The problem: Restate the following data in its entirety, word for word and without images.

[Stored entries]
——
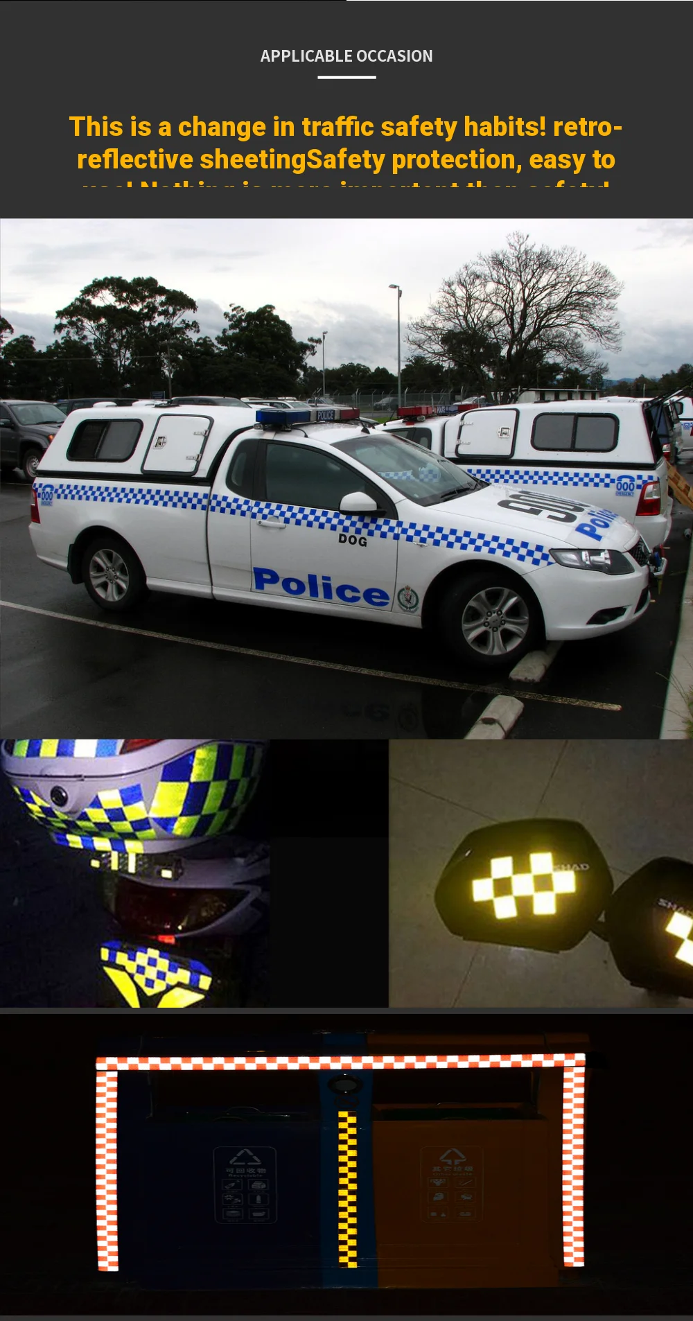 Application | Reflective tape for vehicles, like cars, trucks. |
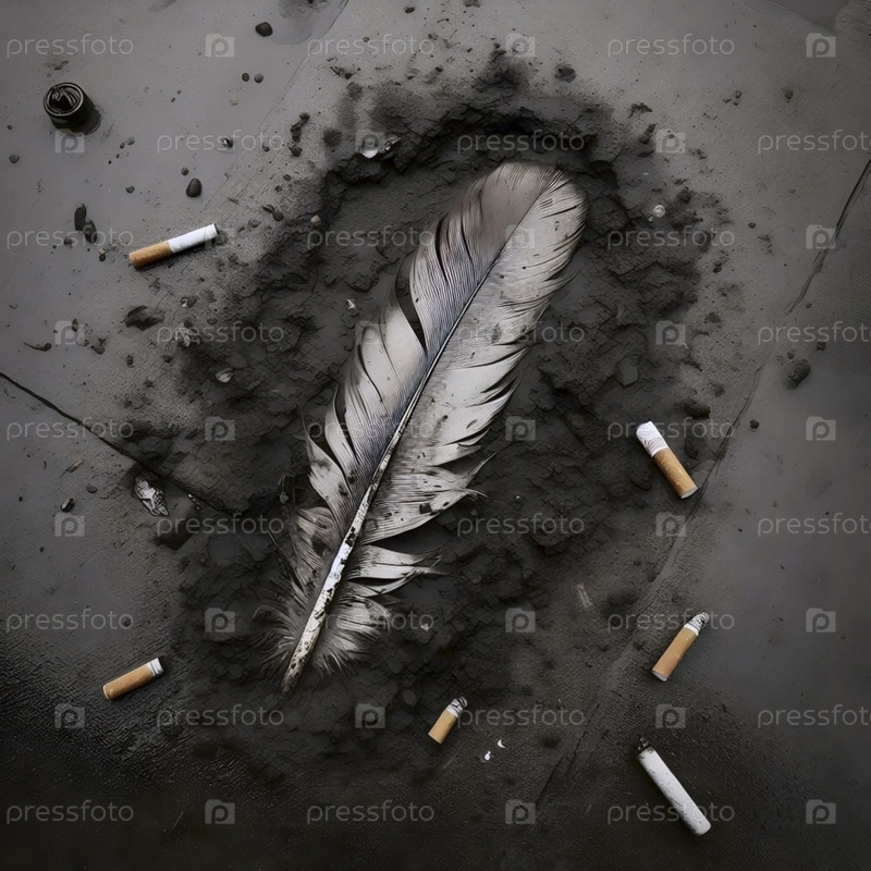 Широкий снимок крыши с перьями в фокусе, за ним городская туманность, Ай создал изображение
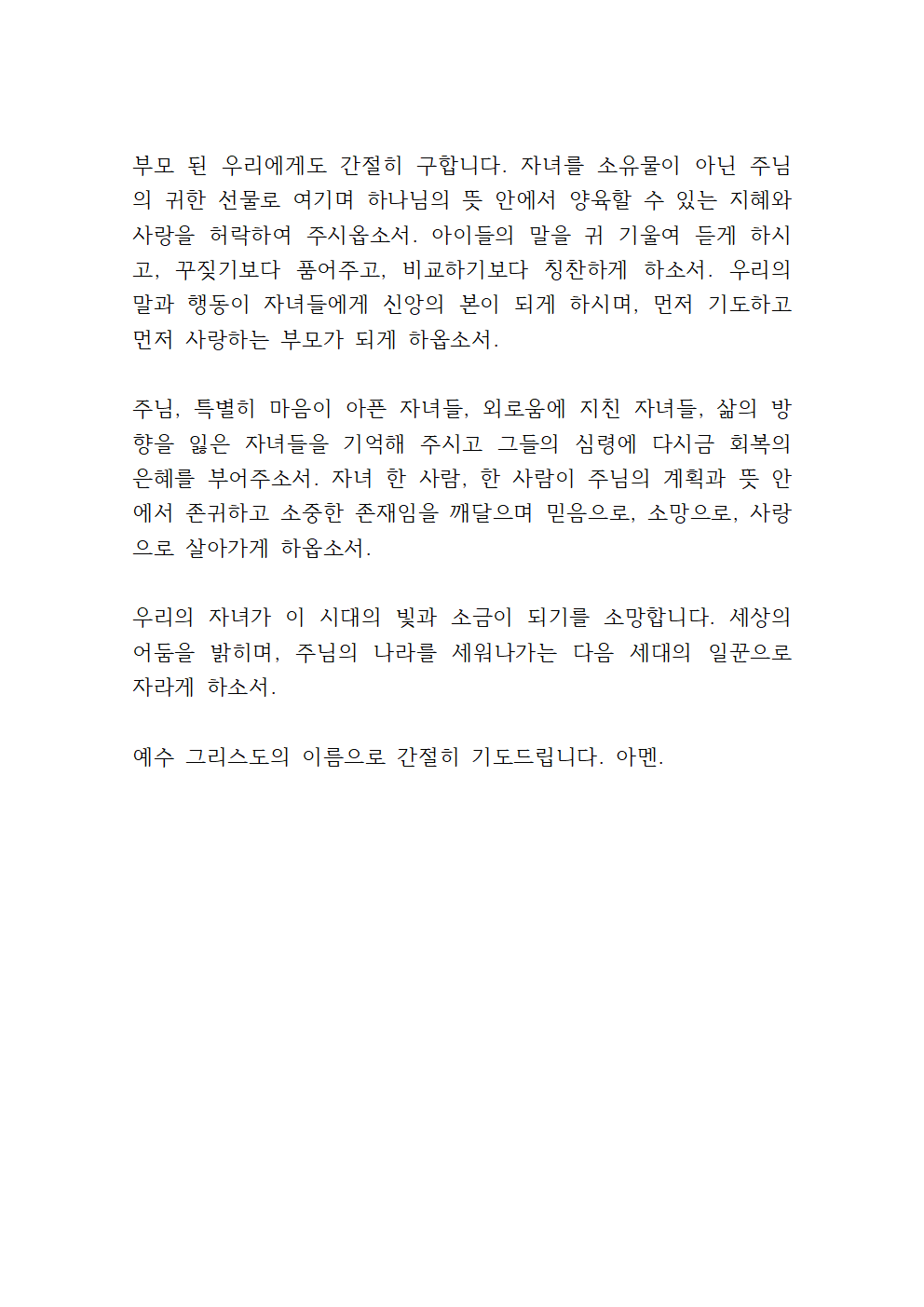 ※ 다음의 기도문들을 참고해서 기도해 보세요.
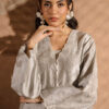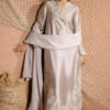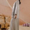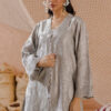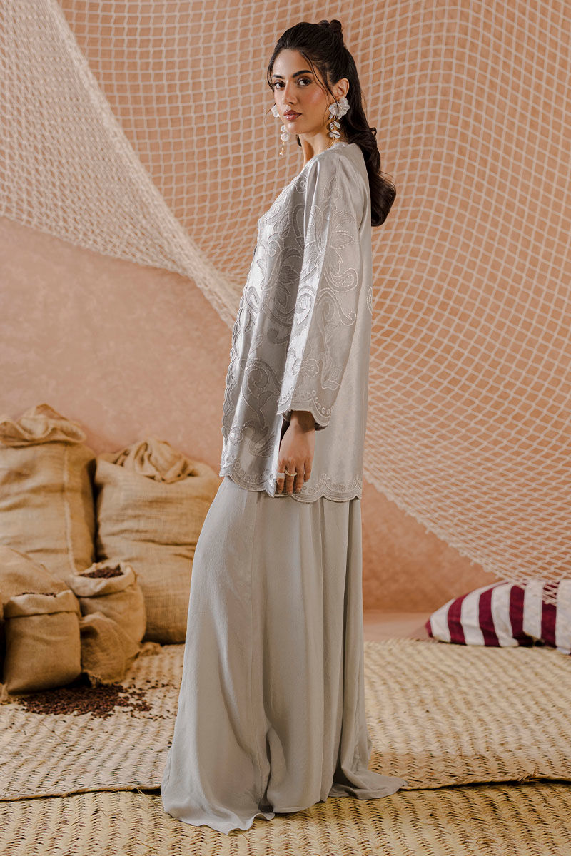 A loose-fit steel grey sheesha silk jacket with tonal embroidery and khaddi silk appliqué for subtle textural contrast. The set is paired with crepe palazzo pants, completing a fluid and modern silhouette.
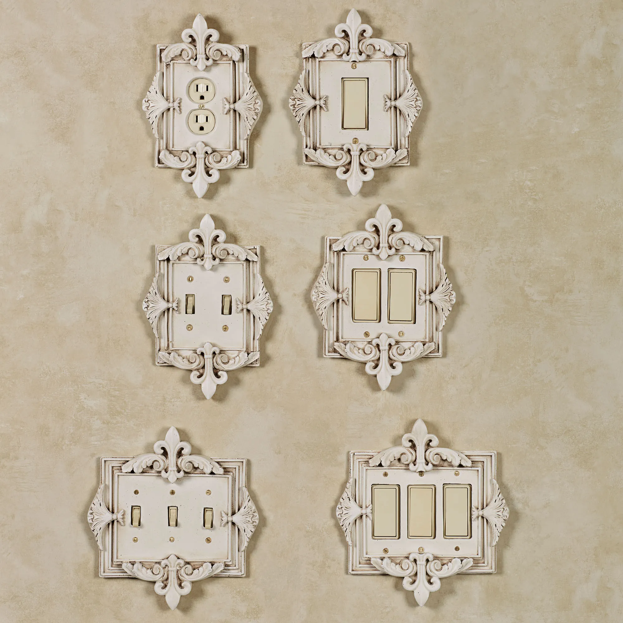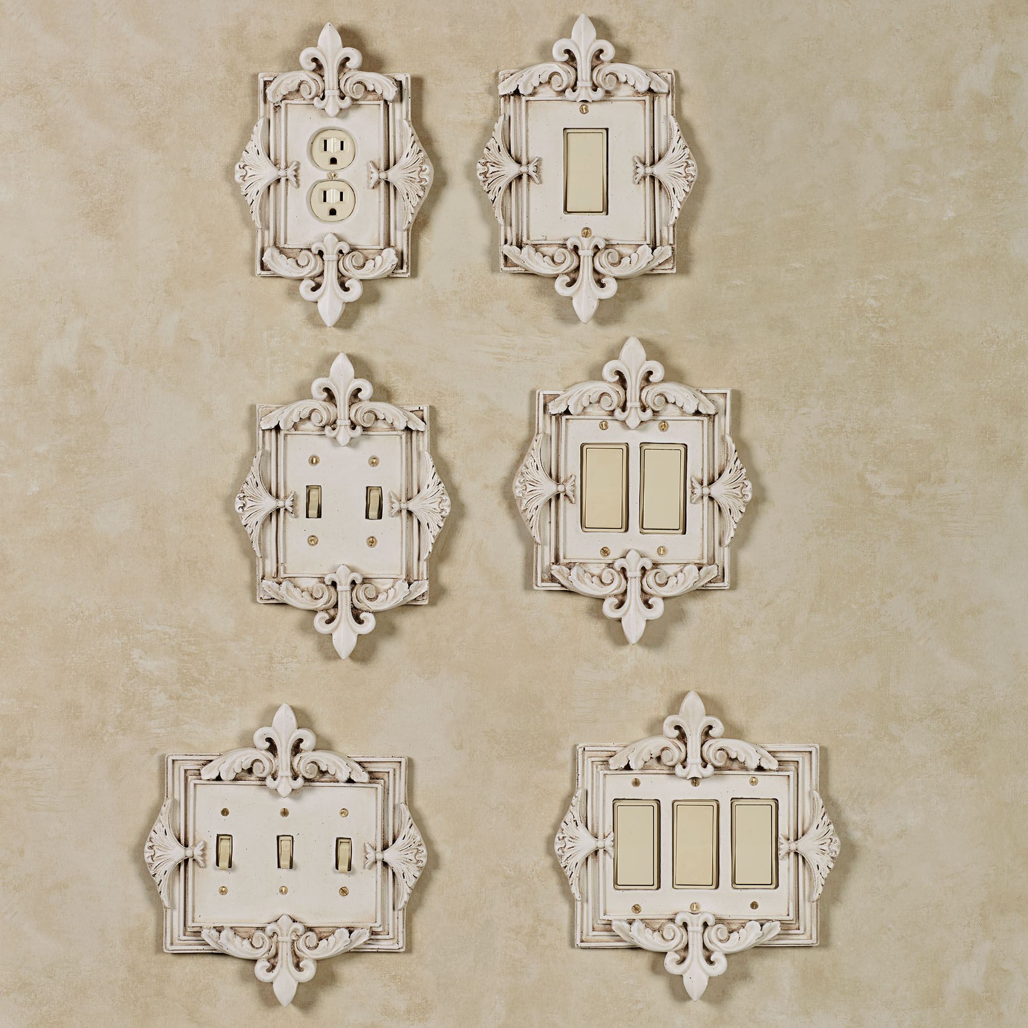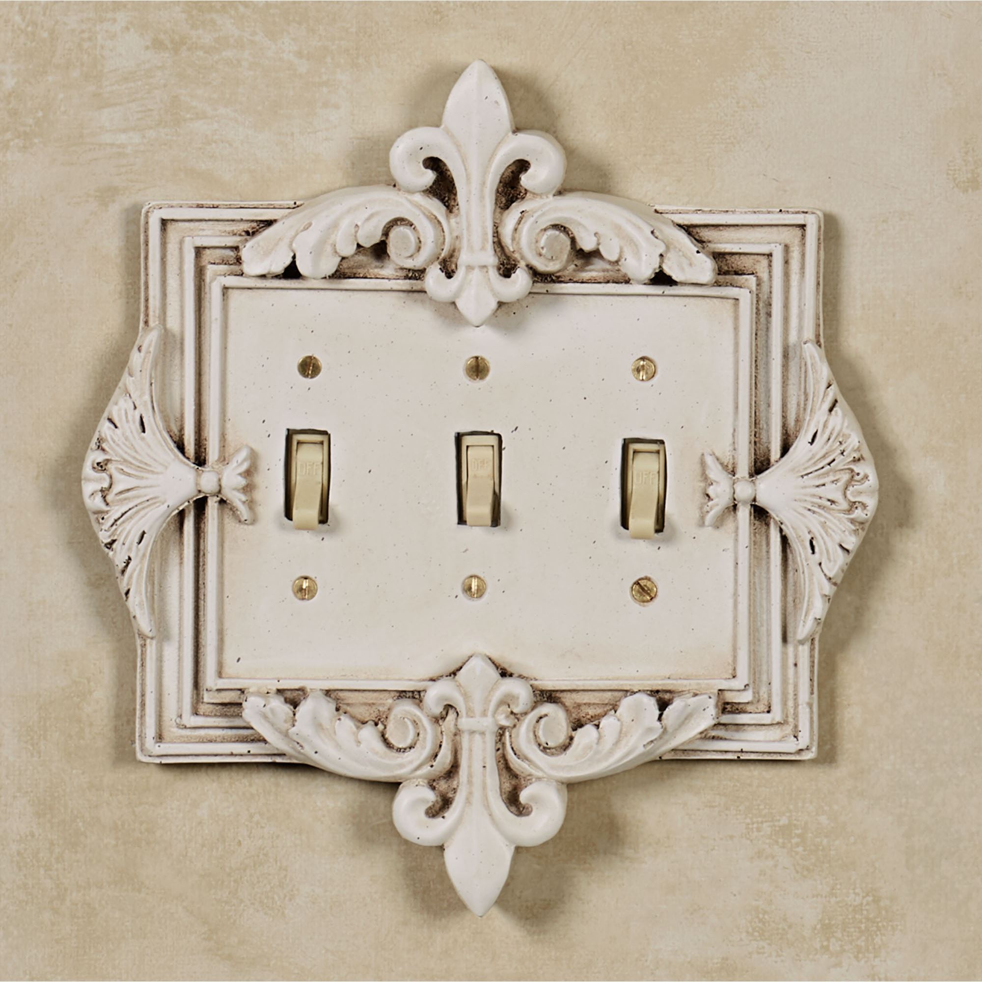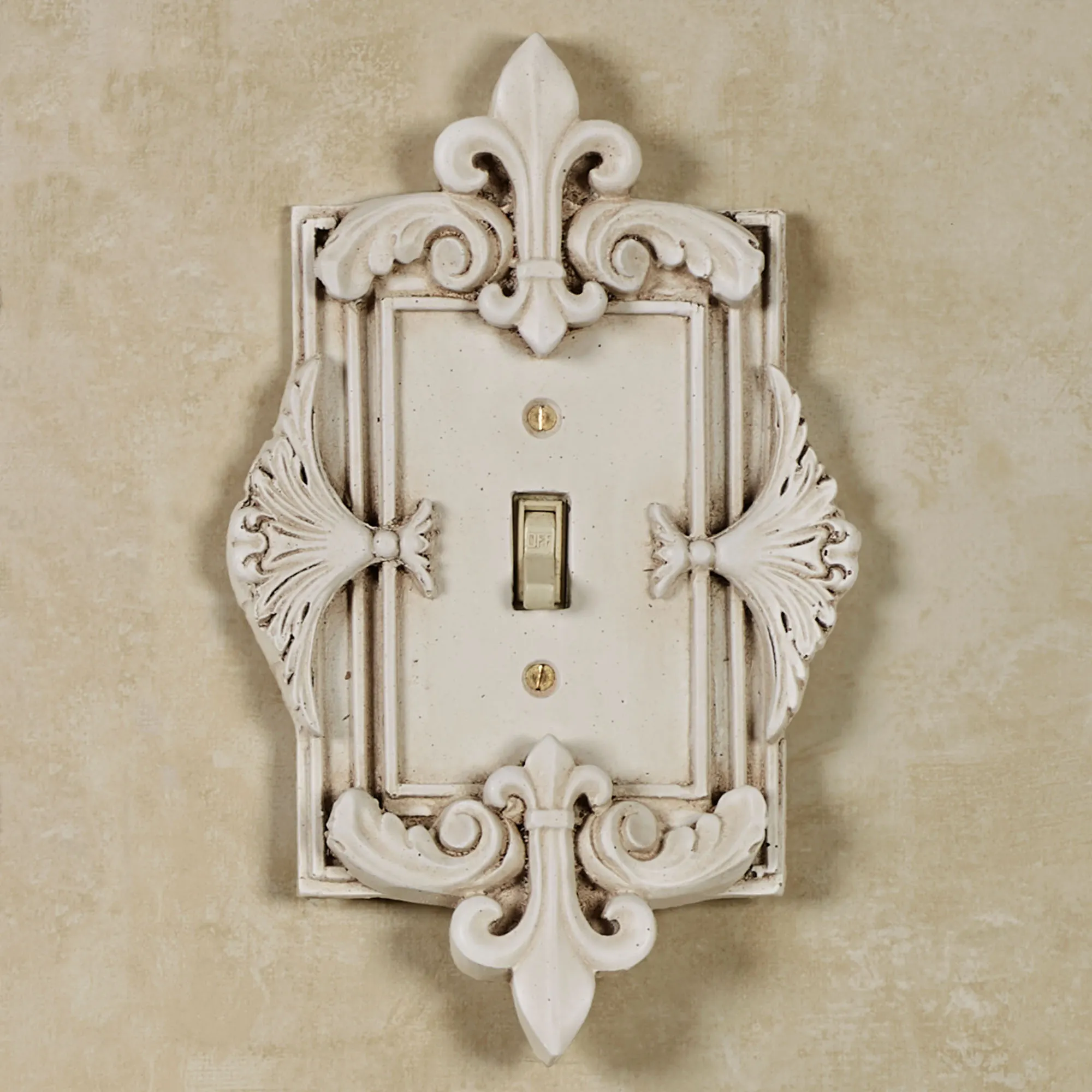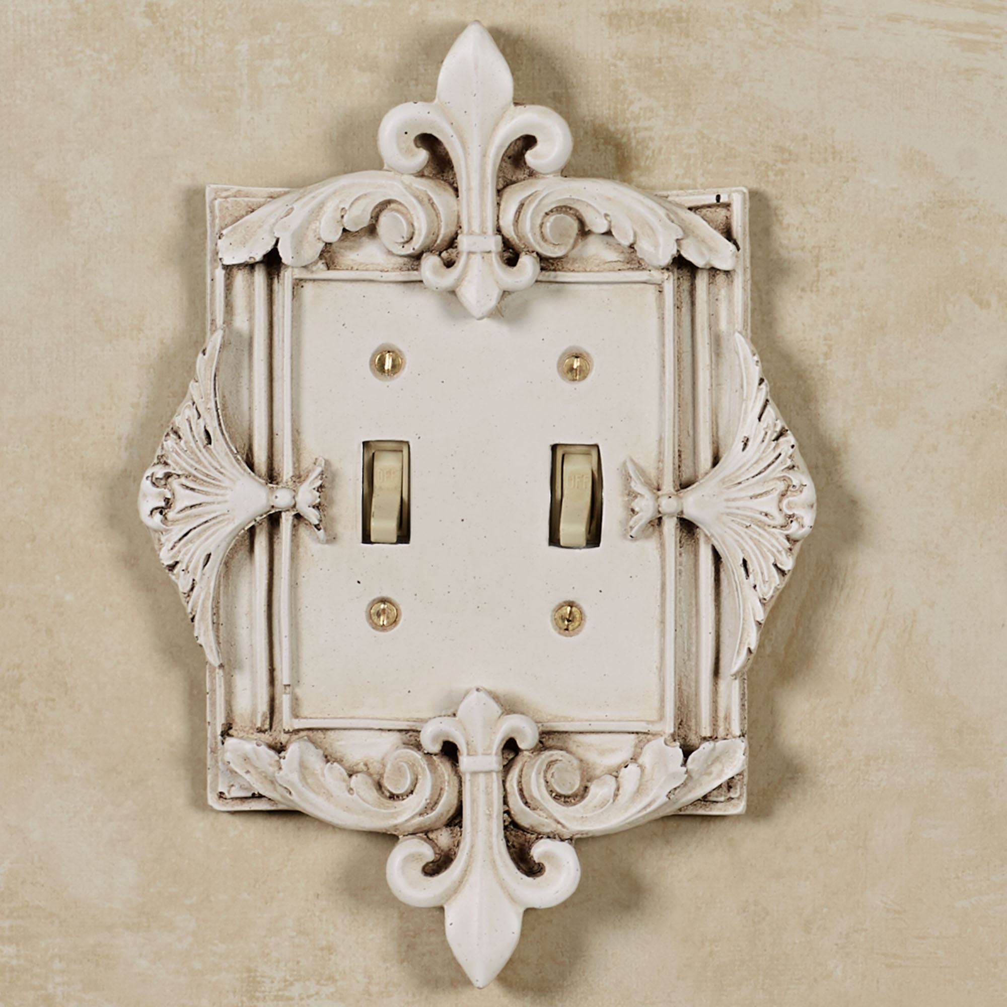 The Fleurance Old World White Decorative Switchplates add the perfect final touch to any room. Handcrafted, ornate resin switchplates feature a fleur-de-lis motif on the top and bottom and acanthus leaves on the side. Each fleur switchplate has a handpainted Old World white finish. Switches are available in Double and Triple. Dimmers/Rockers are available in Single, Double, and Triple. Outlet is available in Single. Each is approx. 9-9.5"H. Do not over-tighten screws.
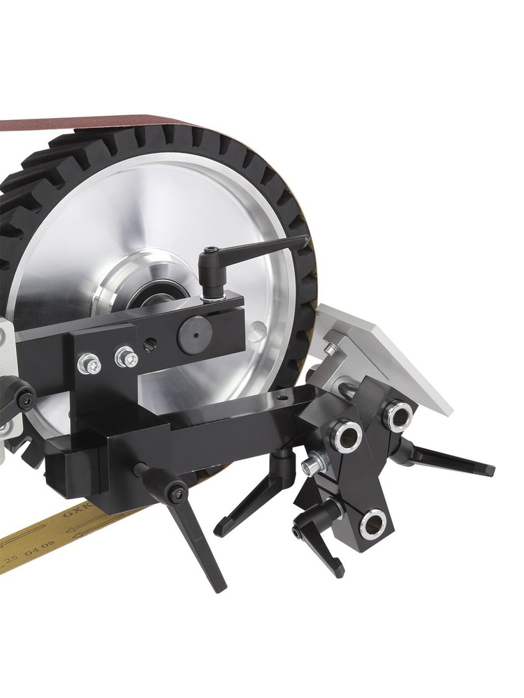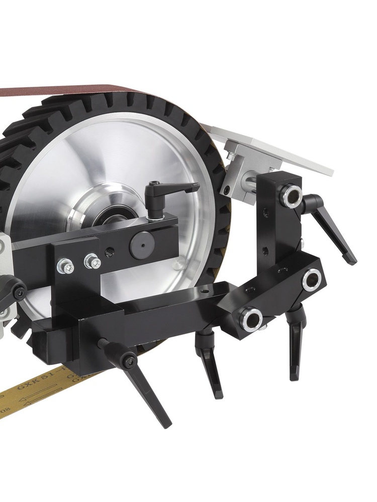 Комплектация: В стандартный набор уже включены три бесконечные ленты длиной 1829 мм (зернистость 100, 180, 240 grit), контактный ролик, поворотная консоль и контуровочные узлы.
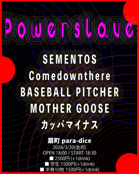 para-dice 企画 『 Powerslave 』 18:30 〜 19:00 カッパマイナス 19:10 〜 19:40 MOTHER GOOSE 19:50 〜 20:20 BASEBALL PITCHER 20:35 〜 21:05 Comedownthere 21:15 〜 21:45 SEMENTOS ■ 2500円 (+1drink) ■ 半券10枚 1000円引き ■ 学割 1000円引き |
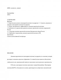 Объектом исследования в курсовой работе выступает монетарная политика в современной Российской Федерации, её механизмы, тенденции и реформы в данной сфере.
——
Written solution:
 Application | Reflective tape for vehicles, like cars, trucks. |
 Широкий снимок крыши с перьями в фокусе, за ним городская туманность, Ай создал изображение
 ※ 다음의 기도문들을 참고해서 기도해 보세요.
 A loose-fit steel grey sheesha silk jacket with tonal embroidery and khaddi silk appliqué for subtle textural contrast. The set is paired with crepe palazzo pants, completing a fluid and modern silhouette.
 The Fleurance Old World White Decorative Switchplates add the perfect final touch to any room. Handcrafted, ornate resin switchplates feature a fleur-de-lis motif on the top and bottom and acanthus leaves on the side. Each fleur switchplate has a handpainted Old World white finish. Switches are available in Double and Triple. Dimmers/Rockers are available in Single, Double, and Triple. Outlet is available in Single. Each is approx. 9-9.5"H. Do not over-tighten screws.
 Комплектация: В стандартный набор уже включены три бесконечные ленты длиной 1829 мм (зернистость 100, 180, 240 grit), контактный ролик, поворотная консоль и контуровочные узлы.
 para-dice 企画 『 Powerslave 』 18:30 〜 19:00 カッパマイナス 19:10 〜 19:40 MOTHER GOOSE 19:50 〜 20:20 BASEBALL PITCHER 20:35 〜 21:05 Comedownthere 21:15 〜 21:45 SEMENTOS ■ 2500円 (+1drink) ■ 半券10枚 1000円引き ■ 学割 1000円引き |
 Объектом исследования в курсовой работе выступает монетарная политика в современной Российской Федерации, её механизмы, тенденции и реформы в данной сфере.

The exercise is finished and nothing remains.